Supplied data:
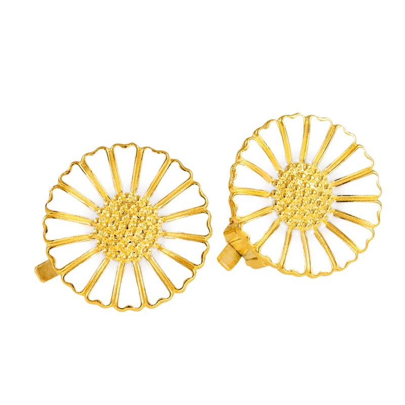 Forgyldte Marguerit øreclips - 18 mm
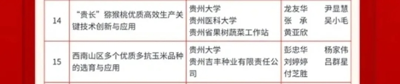11月21日,贵州省科技大会暨科学技术奖励大会召开。大会颁发2023年度贵州省科学技术奖121项。其中,以贵州大学为第一完成单位的项目获省自然科学奖一等奖1项,省自然科学奖二等奖3项,省自然科学奖三等奖4项,省科学技术进步奖一等奖2项,省科学技术进步奖二等奖4项,省科学技术进步奖三等奖7项。
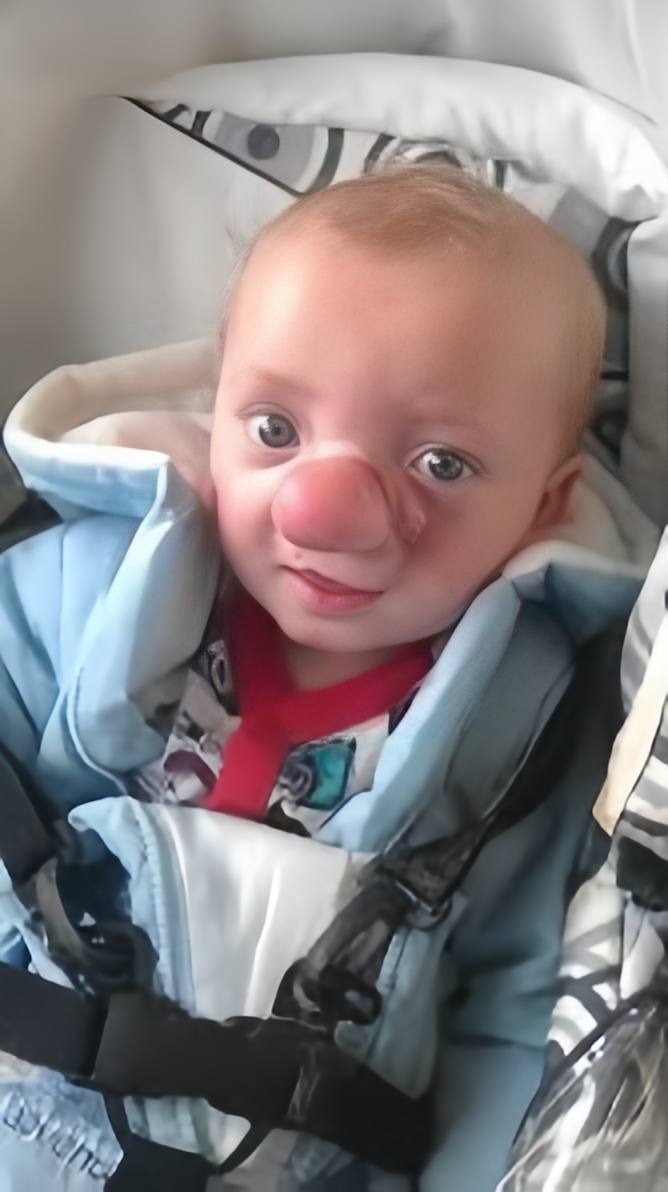 El bebé Ollie Tresis nació con una afección extremadamente rara llamada encefalocele, que provocó que parte de su tejido cerebral creciera a través de un hueco en su cráneo. A medida que crecía, la afección hizo que su nariz se agrandara peligrosamente, lo que lo dejaba en riesgo constante de meningitis incluso por la más mínima lesión.
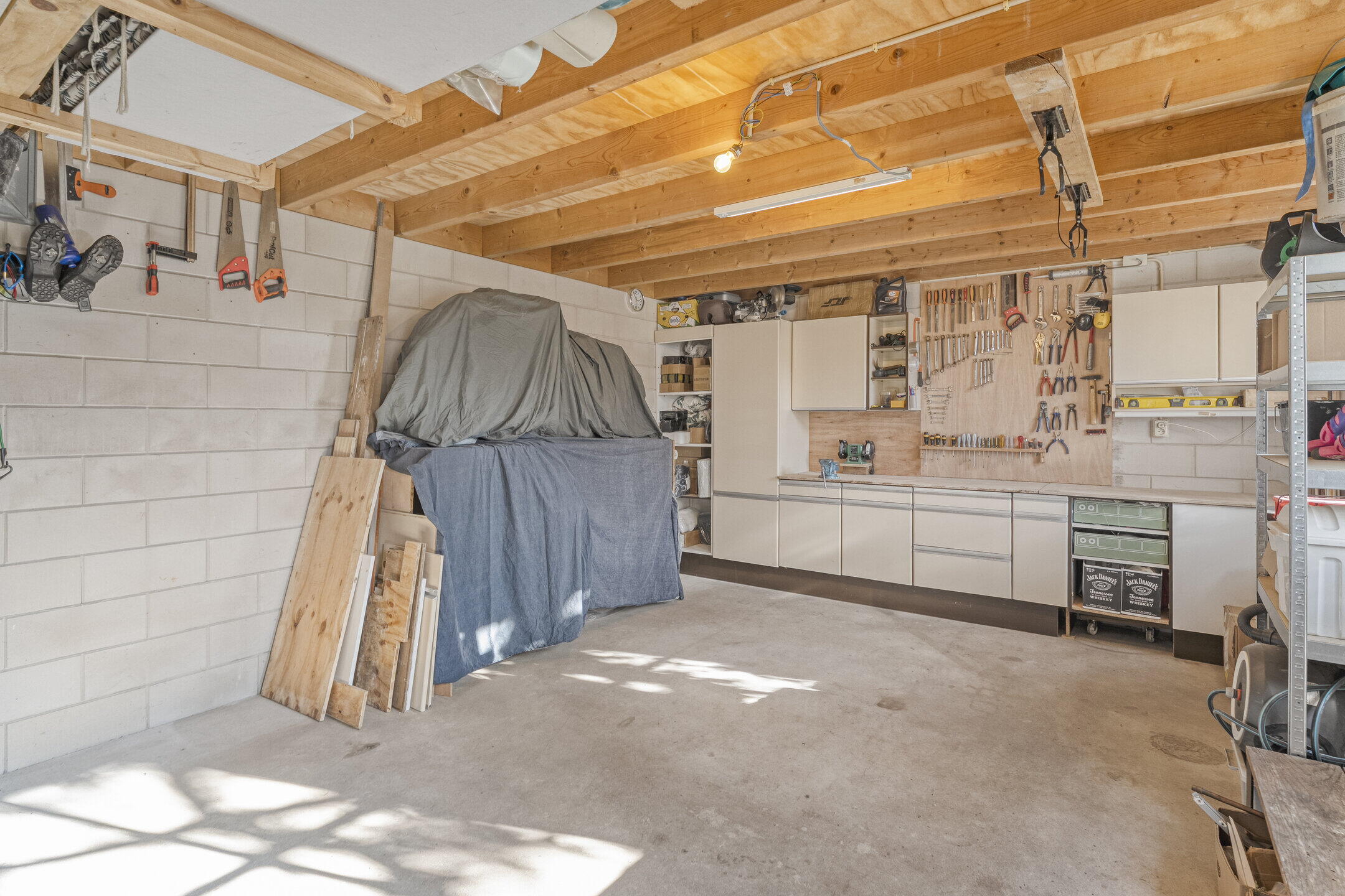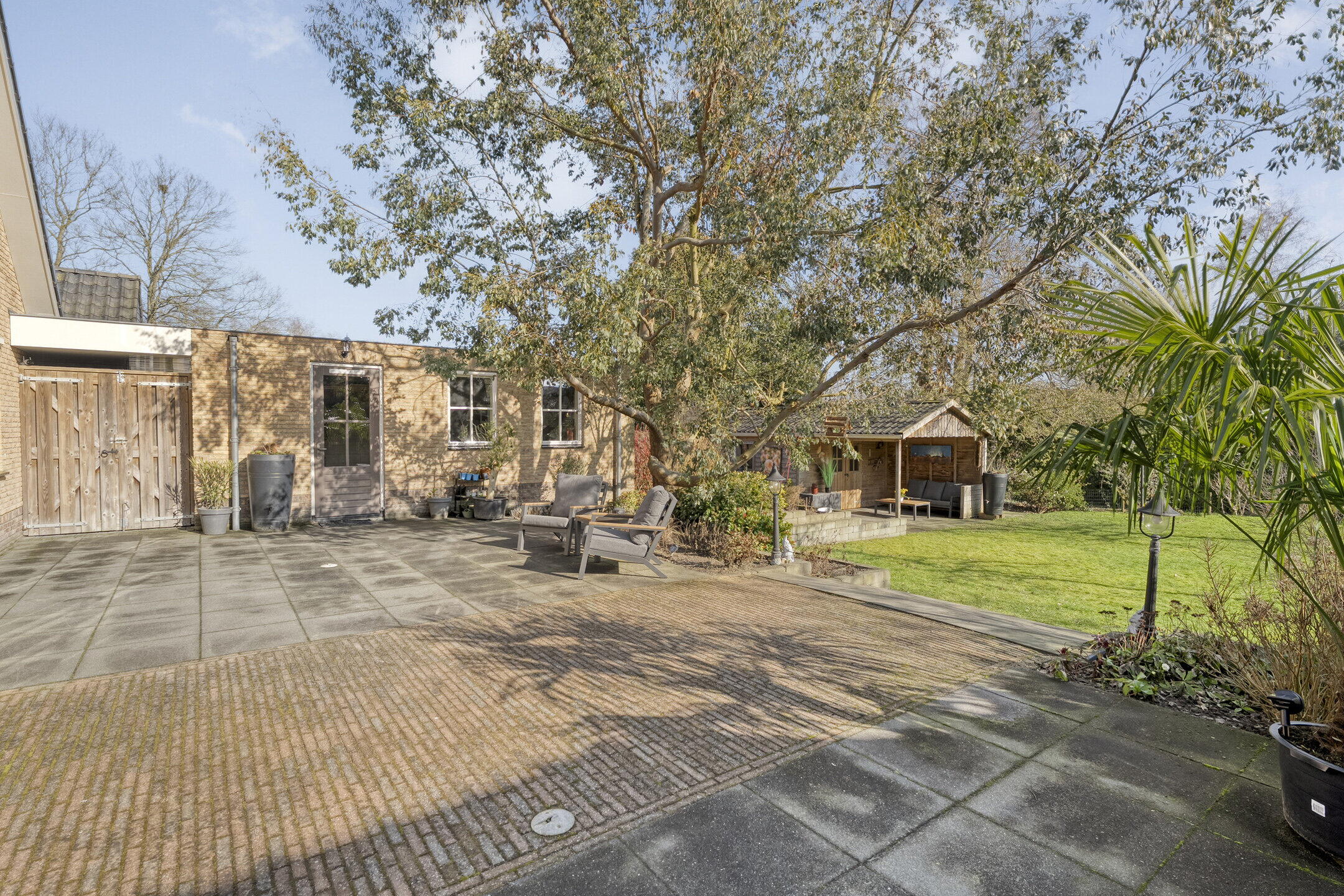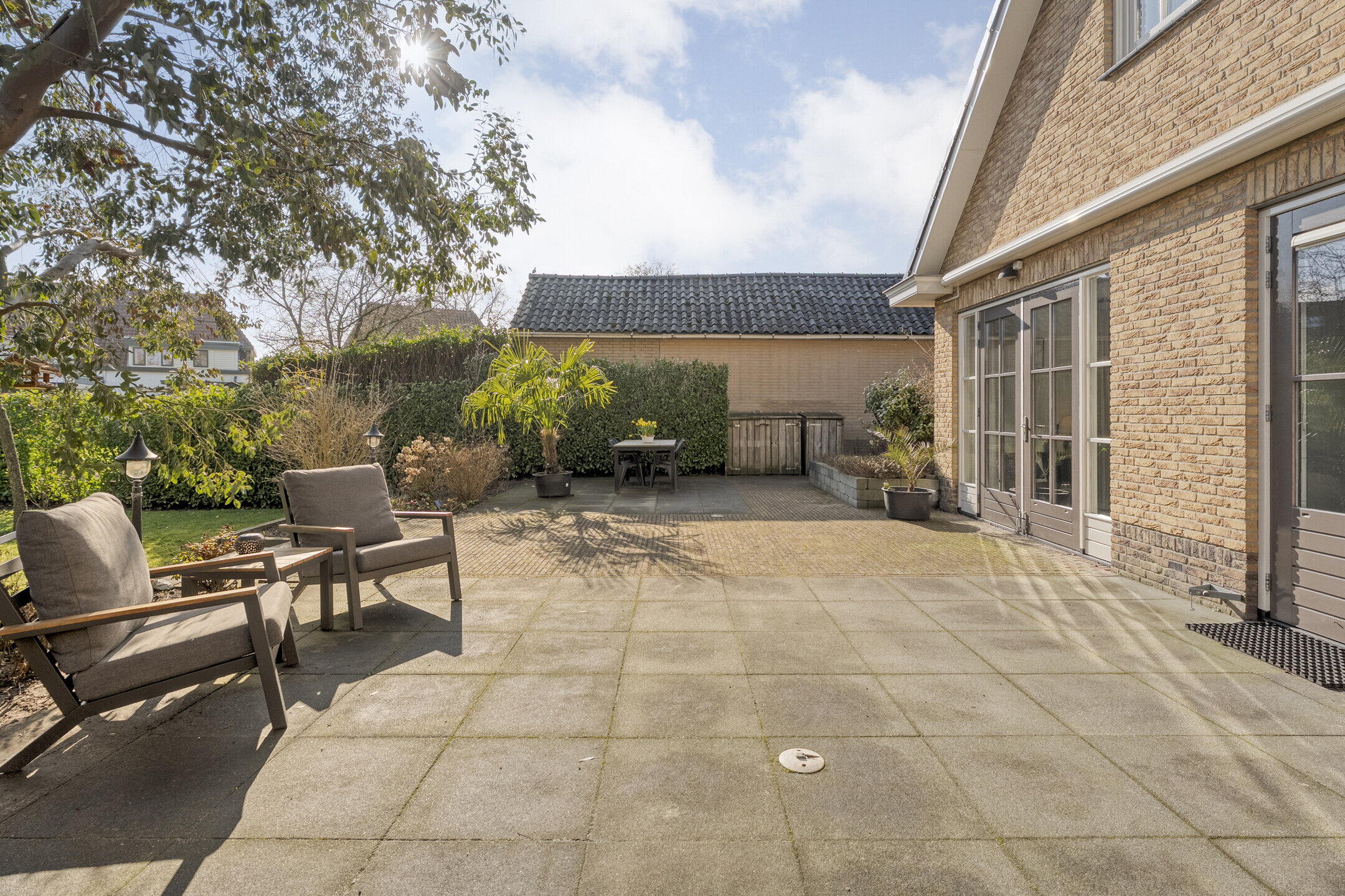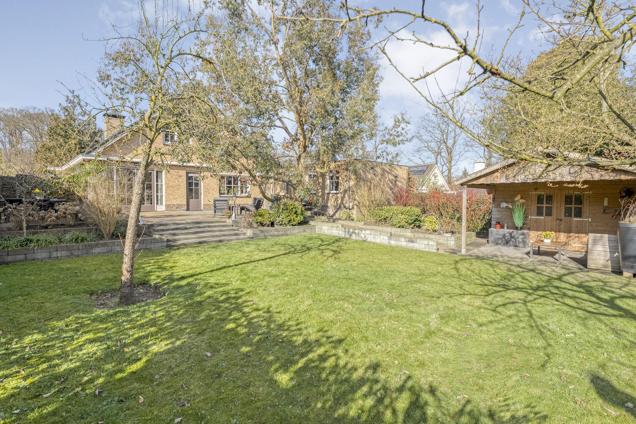 Achter de woning is een diepe en fraai aangelegde tuin met groot terras en houten tuinhuisje met overkapping. In deze keurige tuin gaat rust en privacy hand in hand samen. Het riante terras met zithoek, het grote gazon en de volwassen beplanting met onder andere een magnolia, eucalyptusboom en een appel- en een perenboom zorgen voor een groene en intieme sfeer. De tuin is volledig omsloten door hoge hagen en biedt op elk moment van de dag een zonnige of beschutte plek. Naast de woning is een geïsoleerde stenen garage met vloerverwarming en dubbele deuren en aangrenzende carport.
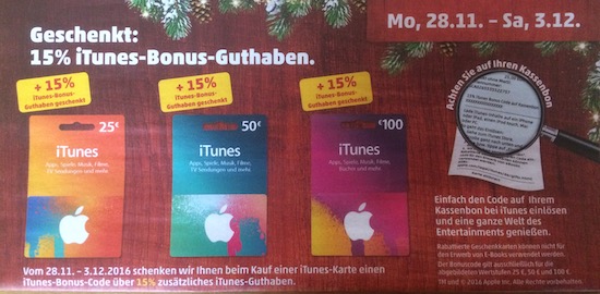 Achtung: Leider kann ich die Hinweise auf die günstigen iTunes-Karten nicht in jedem einzelnen Fall überprüfen. Checkt daher bitte vorher noch einmal ab, ob die jeweilige Filliale den Rabatt auch tatsächlich gewährt!
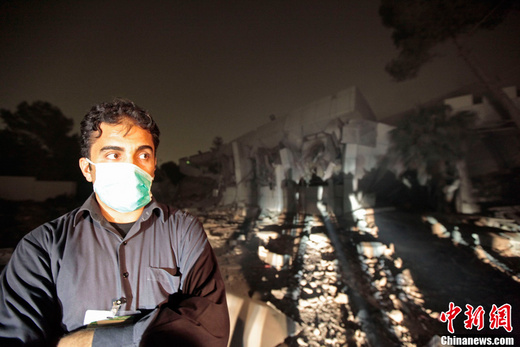 4月25日,在利比亞首都的黎波里,一名男子站在被轟炸的利比亞領(lǐng)導(dǎo)人卡扎菲的官邸前。北約戰(zhàn)機(jī)25日凌晨對利比亞領(lǐng)導(dǎo)人卡扎菲在的黎波里的官邸實施轟炸。利比亞政府官員譴責(zé)北約企圖殺害卡扎菲。
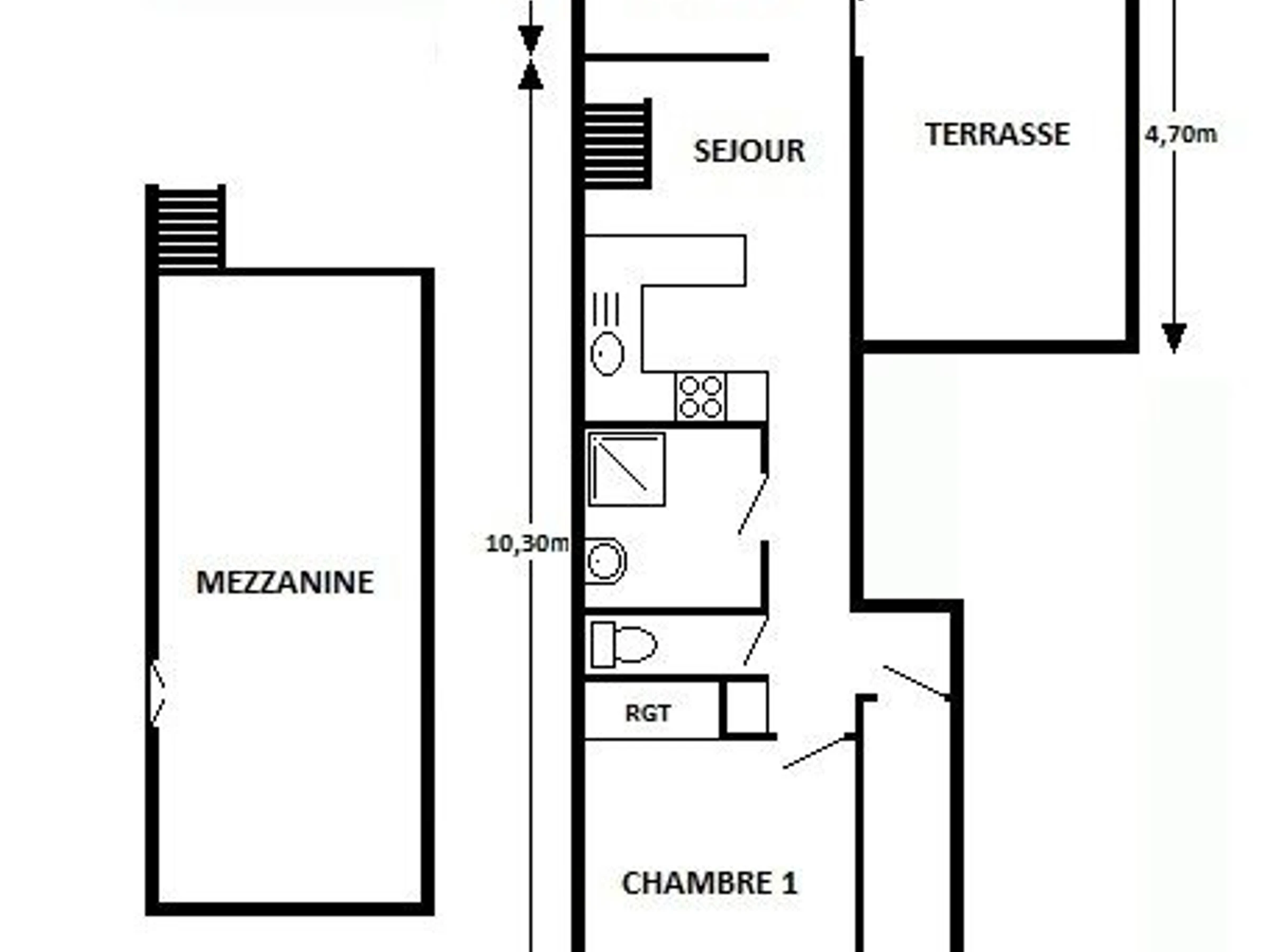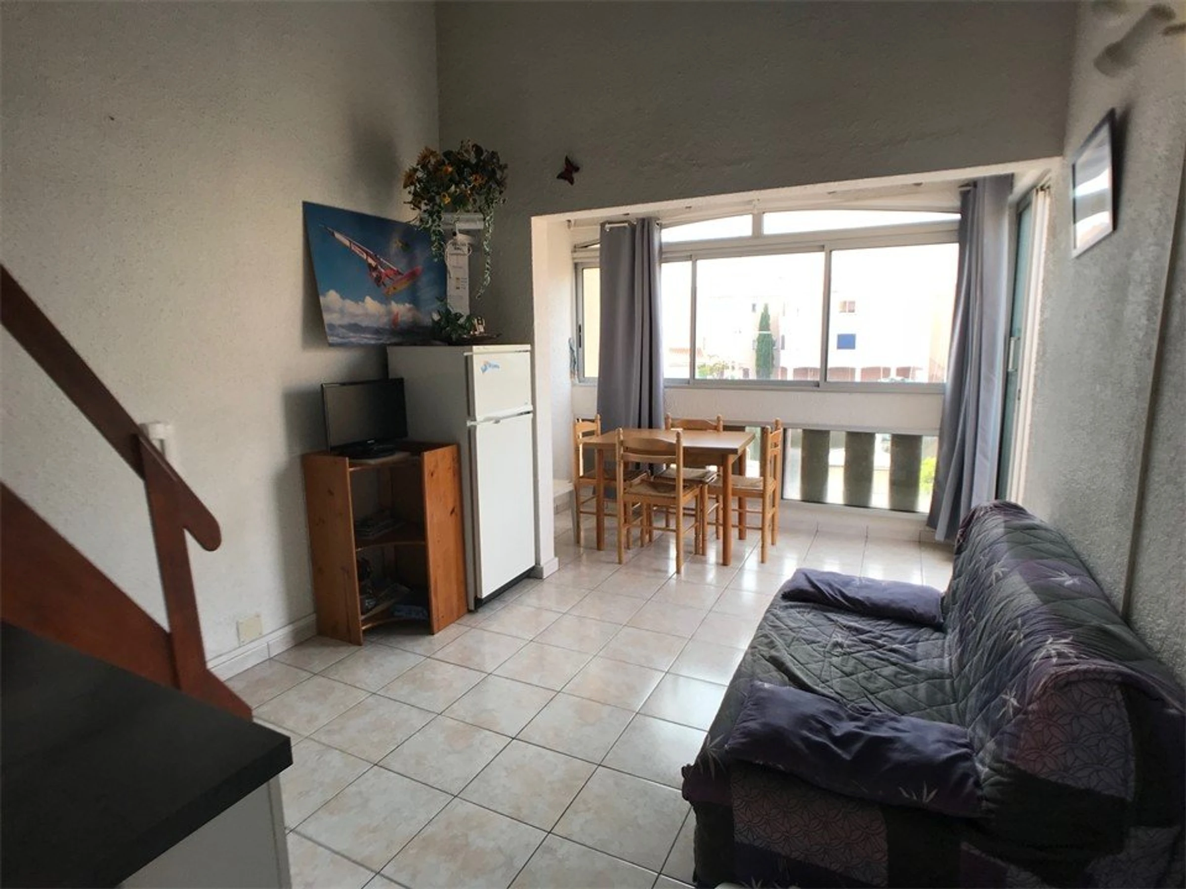 PORT BARCARES (66), im 1. Stock der Residenz NAUTICA. Duschbad, WC, Wohnzimmer mit erweiterter Loggia, neue Küche, Schlafzimmer und Zwischengeschoss – 20 m² große Terrasse mit Grill.
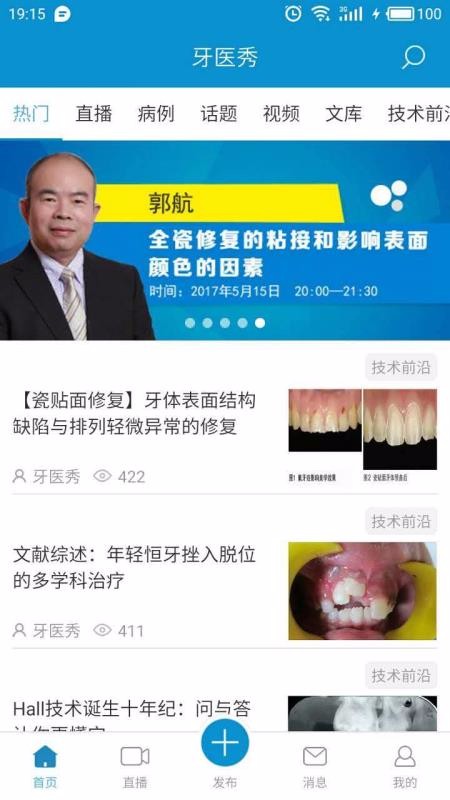 3、在“热门” 页面,查看牙医秀病例、话题等内容,了解临床案例与技术前沿。
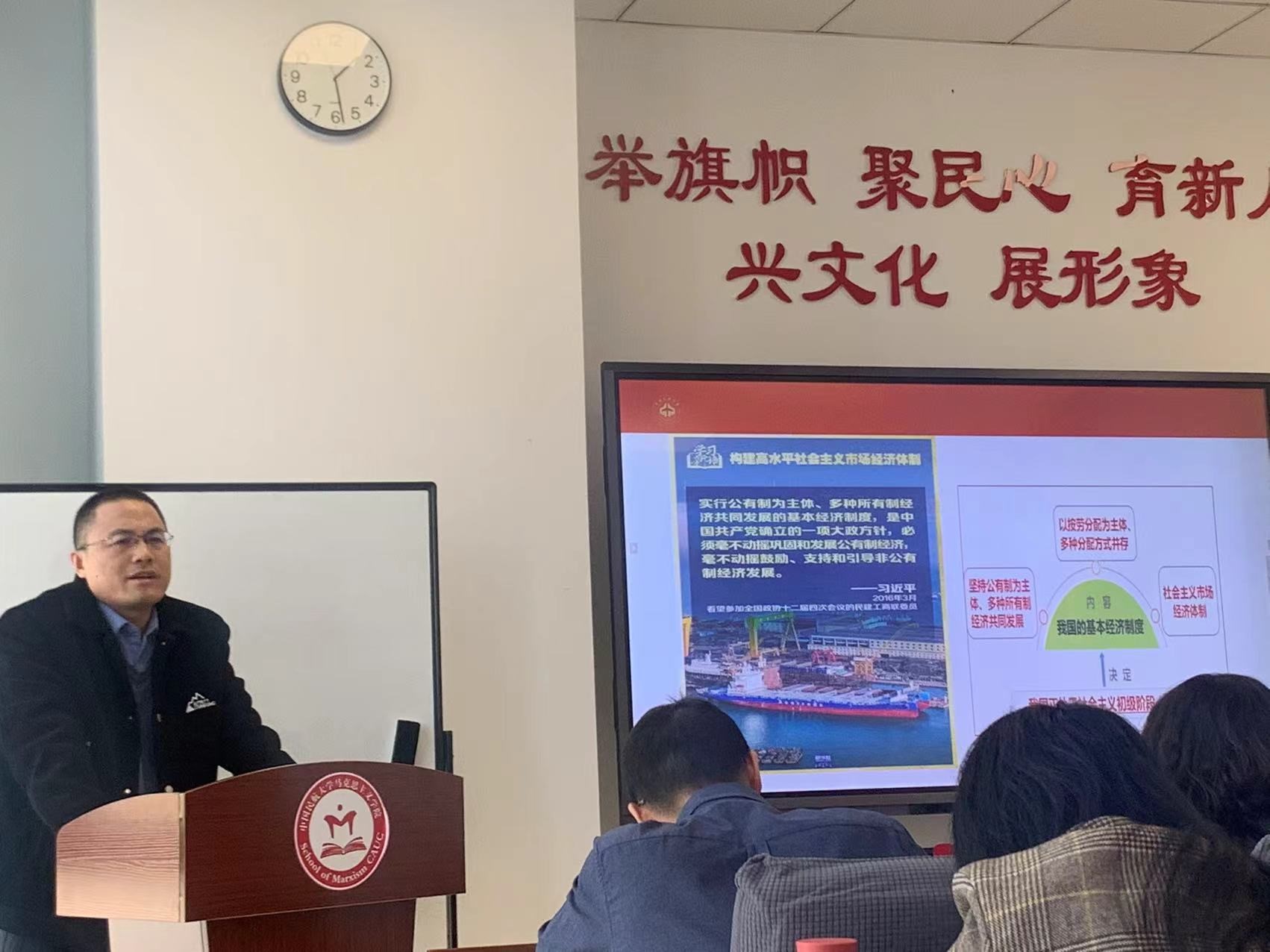 在专题领学环节,纲要教研室党支部王广峰老师和形势与政策教研室党支部何喜莲老师,对党的二十届四中全会精神进行了深度解读。王广峰老师主要从“经济”的视角,进行了题为“构建高水平社会主义市场经济”的专题解读。何喜莲老师主要从“文化”的视角,进行了题为“激发全民族文化创新创造活力”的专题解读。

Exercise prompt: What you hand back should match the entries above exactly, except that no picture appears.

Solution to the exercise:
 Forgyldte Marguerit øreclips - 18 mm
11月21日,贵州省科技大会暨科学技术奖励大会召开。大会颁发2023年度贵州省科学技术奖121项。其中,以贵州大学为第一完成单位的项目获省自然科学奖一等奖1项,省自然科学奖二等奖3项,省自然科学奖三等奖4项,省科学技术进步奖一等奖2项,省科学技术进步奖二等奖4项,省科学技术进步奖三等奖7项。
 El bebé Ollie Tresis nació con una afección extremadamente rara llamada encefalocele, que provocó que parte de su tejido cerebral creciera a través de un hueco en su cráneo. A medida que crecía, la afección hizo que su nariz se agrandara peligrosamente, lo que lo dejaba en riesgo constante de meningitis incluso por la más mínima lesión.
 Achter de woning is een diepe en fraai aangelegde tuin met groot terras en houten tuinhuisje met overkapping. In deze keurige tuin gaat rust en privacy hand in hand samen. Het riante terras met zithoek, het grote gazon en de volwassen beplanting met onder andere een magnolia, eucalyptusboom en een appel- en een perenboom zorgen voor een groene en intieme sfeer. De tuin is volledig omsloten door hoge hagen en biedt op elk moment van de dag een zonnige of beschutte plek. Naast de woning is een geïsoleerde stenen garage met vloerverwarming en dubbele deuren en aangrenzende carport.
 Achtung: Leider kann ich die Hinweise auf die günstigen iTunes-Karten nicht in jedem einzelnen Fall überprüfen. Checkt daher bitte vorher noch einmal ab, ob die jeweilige Filliale den Rabatt auch tatsächlich gewährt!
 4月25日,在利比亞首都的黎波里,一名男子站在被轟炸的利比亞領(lǐng)導(dǎo)人卡扎菲的官邸前。北約戰(zhàn)機(jī)25日凌晨對利比亞領(lǐng)導(dǎo)人卡扎菲在的黎波里的官邸實施轟炸。利比亞政府官員譴責(zé)北約企圖殺害卡扎菲。
 PORT BARCARES (66), im 1. Stock der Residenz NAUTICA. Duschbad, WC, Wohnzimmer mit erweiterter Loggia, neue Küche, Schlafzimmer und Zwischengeschoss – 20 m² große Terrasse mit Grill.
 3、在“热门” 页面,查看牙医秀病例、话题等内容,了解临床案例与技术前沿。
 在专题领学环节,纲要教研室党支部王广峰老师和形势与政策教研室党支部何喜莲老师,对党的二十届四中全会精神进行了深度解读。王广峰老师主要从“经济”的视角,进行了题为“构建高水平社会主义市场经济”的专题解读。何喜莲老师主要从“文化”的视角,进行了题为“激发全民族文化创新创造活力”的专题解读。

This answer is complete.